Only the lines from the "コマンド が 0 以外を返したときに" line through the last line of the material below belong in the answer, reproduced exactly and with no pictures.
===============
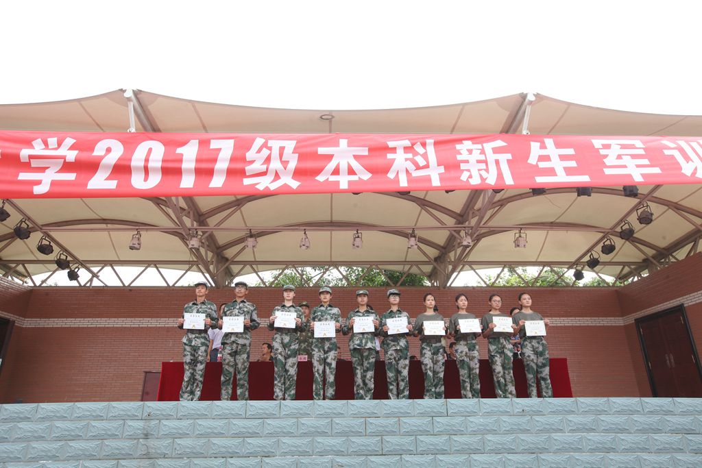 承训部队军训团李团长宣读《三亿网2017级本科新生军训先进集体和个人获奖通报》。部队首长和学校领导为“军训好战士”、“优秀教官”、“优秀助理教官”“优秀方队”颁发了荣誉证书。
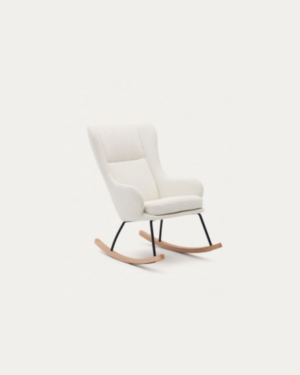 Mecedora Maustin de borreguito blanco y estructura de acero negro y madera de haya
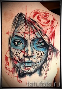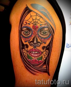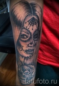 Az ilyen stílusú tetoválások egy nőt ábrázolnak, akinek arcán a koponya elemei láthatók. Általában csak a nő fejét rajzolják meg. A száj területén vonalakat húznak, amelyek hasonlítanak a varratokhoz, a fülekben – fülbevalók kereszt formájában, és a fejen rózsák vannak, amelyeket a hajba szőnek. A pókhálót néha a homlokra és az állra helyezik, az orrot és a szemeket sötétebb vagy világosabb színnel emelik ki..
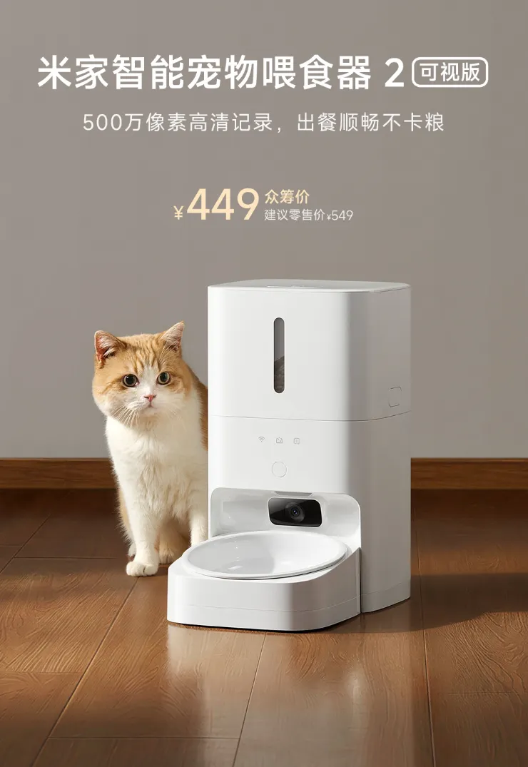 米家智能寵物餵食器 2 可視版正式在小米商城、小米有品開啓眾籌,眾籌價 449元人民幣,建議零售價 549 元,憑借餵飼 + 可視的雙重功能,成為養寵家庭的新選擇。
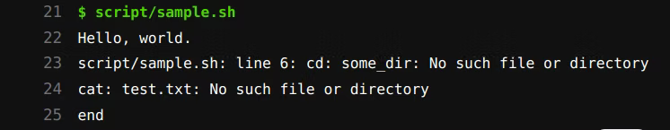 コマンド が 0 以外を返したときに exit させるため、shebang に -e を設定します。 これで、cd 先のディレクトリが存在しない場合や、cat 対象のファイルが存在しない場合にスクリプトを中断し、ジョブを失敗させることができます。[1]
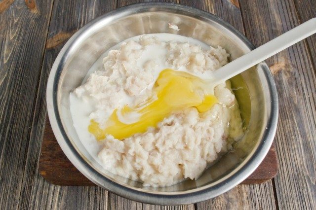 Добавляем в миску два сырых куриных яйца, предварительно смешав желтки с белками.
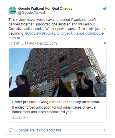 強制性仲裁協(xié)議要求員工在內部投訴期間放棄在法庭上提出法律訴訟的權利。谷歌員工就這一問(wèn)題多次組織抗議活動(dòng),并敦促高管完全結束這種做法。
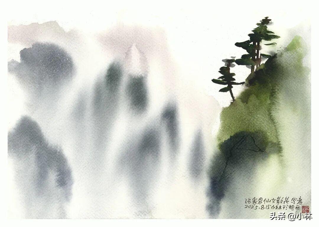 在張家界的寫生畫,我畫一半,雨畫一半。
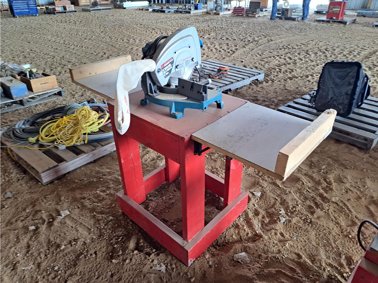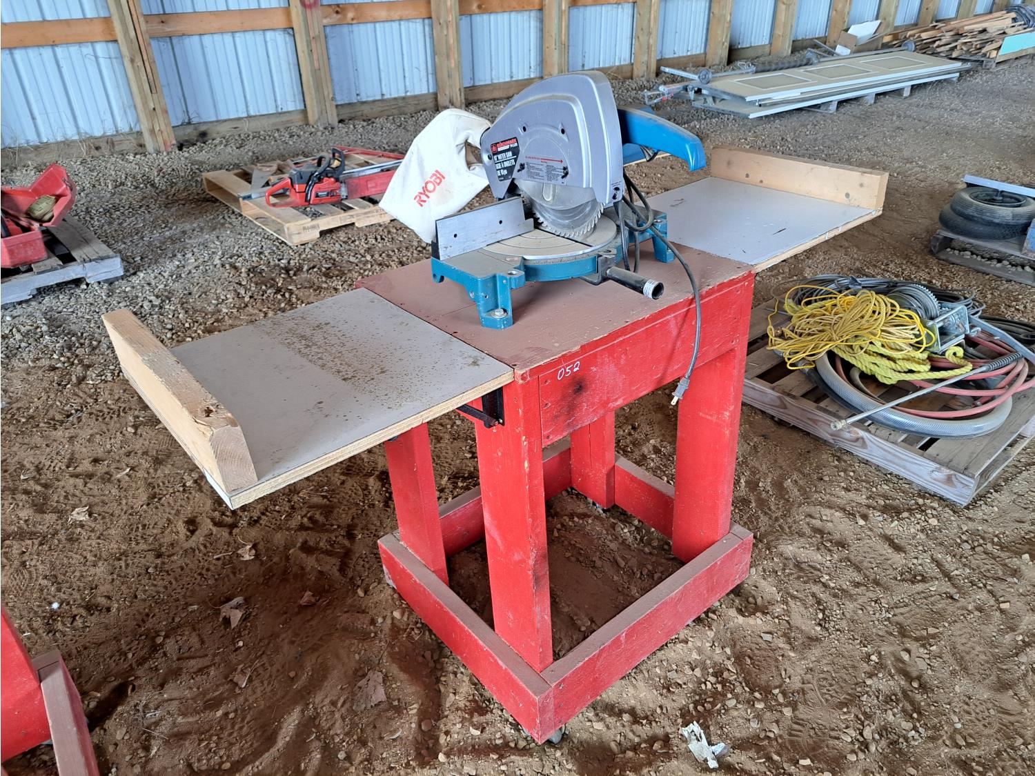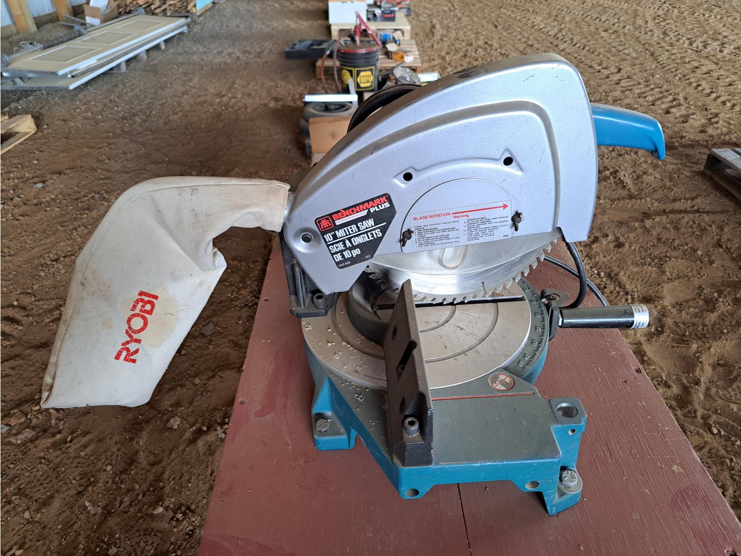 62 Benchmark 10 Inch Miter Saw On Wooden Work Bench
===============
### EXERCISE ANSWER
 コマンド が 0 以外を返したときに exit させるため、shebang に -e を設定します。 これで、cd 先のディレクトリが存在しない場合や、cat 対象のファイルが存在しない場合にスクリプトを中断し、ジョブを失敗させることができます。[1]
 Добавляем в миску два сырых куриных яйца, предварительно смешав желтки с белками.
 強制性仲裁協(xié)議要求員工在內部投訴期間放棄在法庭上提出法律訴訟的權利。谷歌員工就這一問(wèn)題多次組織抗議活動(dòng),并敦促高管完全結束這種做法。
 在張家界的寫生畫,我畫一半,雨畫一半。
 62 Benchmark 10 Inch Miter Saw On Wooden Work Bench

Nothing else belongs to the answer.